Knock. Knock. Knock!

Showtime!

Wylde strode past me to reach the door before I could move, opening it to a sight that left me breathless. Payne’s sun-kissed skin shimmered with a dusting of glitter where it wasn’t covered by his black lace crop top, matching boy shorts, and the frilly white apron he’d tied around his waist. Fluffy black and white kitty-cat ears were perched on the top of his head, holding his golden hair back from his face, the longest strands falling less than an inch above his shoulders. When Wylde shifted his stance to lean against the doorframe, I glimpsed what his body had kept hidden from my view. Poking through those boy shorts, which could only mean that the base was a butt plug he’d inserted, was a black and white tail even fluffier than those amazing ears he had on.

Holy shit!

The end of his tail was draped over his arm, and in his hand he held a matching feather duster. He’d even drawn whiskers on his cheeks and darkened his nose, which wiggled when he mewed up at us.

“Hi,” he said, grinning, which made his green-gold eyes shimmer almost as much as his skin.

I was a sucker for green-eyed men; they’d always been my kryptonite.
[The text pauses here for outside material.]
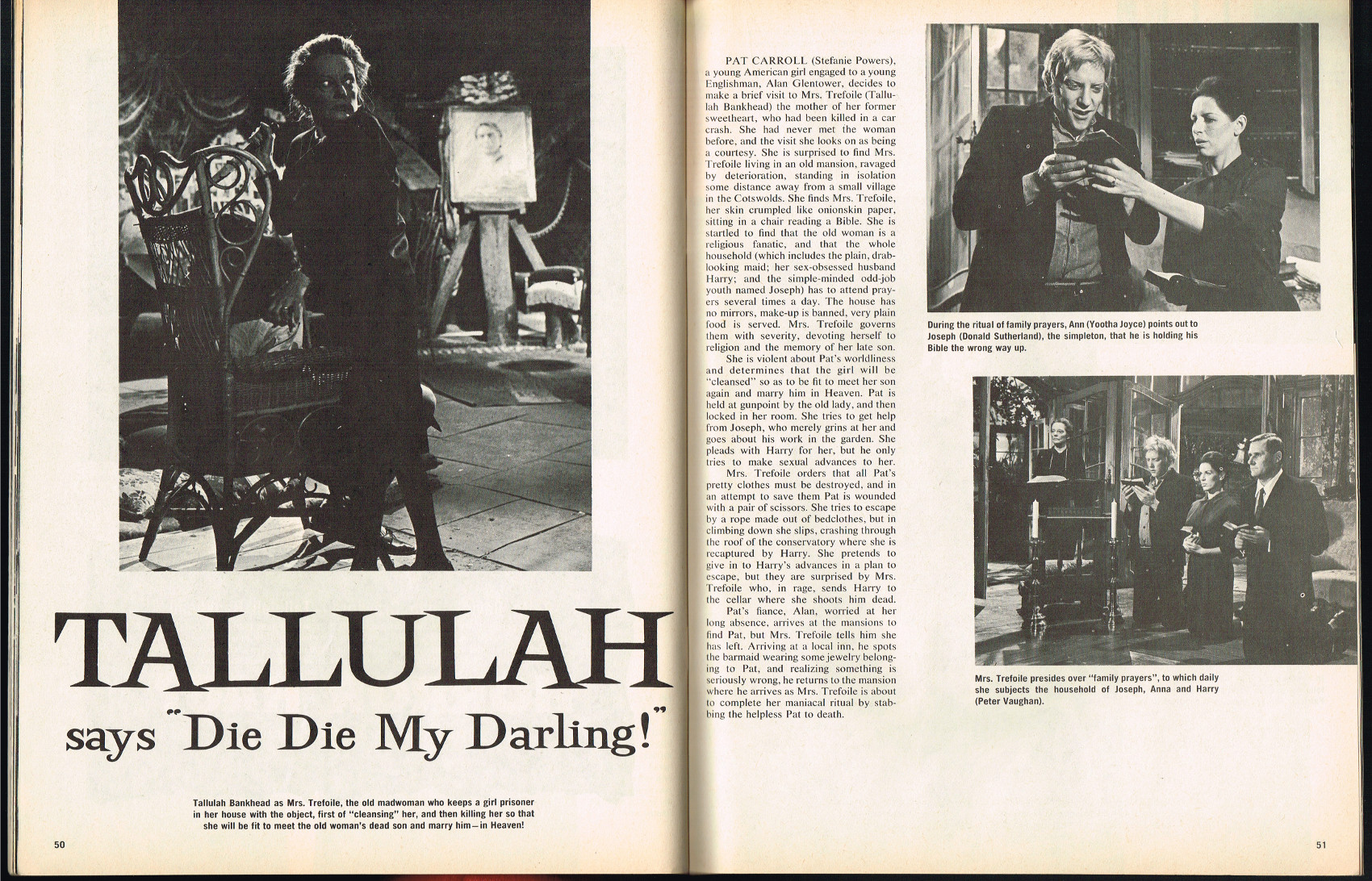 as I recall it, Stefanie powers deserved to die in die die my darling because she was so feeble & could barely even run..

How had I not noticed the color in the lobby when we’d been introduced? Oh yeah, I’d been too busy admiring his dimples, another feature I’d always been drawn to.

“Well, hello kitty,” Wylde drawled. “What can we do for you?”

“I’m from the Meow Maids cleaning service, and I’m here to tidy up for you.”

“Really? I suppose the place could use a bit of sprucing up,” Wylde said. “What’s your name? We have to call you something, unless you’d prefer I just call you pretty kitty all day.”

“I wouldn’t mind at all if you did,” he replied. “My name is Payne, and I love to be petted, especially if you like my work. Will you let me in so I can get to work on you, err,foryou?”

Payne blushed so adorably when he said it that I was momentarily stunned and almost failed to move out of the way fast enough when Wylde stepped back, nearly treading on my toes as he ushered Payne into the cabin past me.

“Come on in, Payne,” Wylde said, one hand hovering at the small of Payne’s back, but not touching. “But I should warn you, it’s a hot mess in here.”

Payne just flashed him a bright smile over his shoulder and waved the feather duster at him. “Messy is my specialty.”

“In that case, we can’t wait to see you in action,” I said as I followed them into the living room.

“Would it be okay if I put some music on while I clean?” he asked as he strode around the room, taking it all in. “Unless the owner of that guitar would like to play for me instead?”

His gaze slid from Wylde to me. Was that a challenge? A request? When Wylde didn’t immediately answer, I answered for him, just in case he was tempted to make a bunch of flimsy excuses about why he couldn’t.

“He’d be happy to,” I said as I lifted the case off the couch and passed it to him.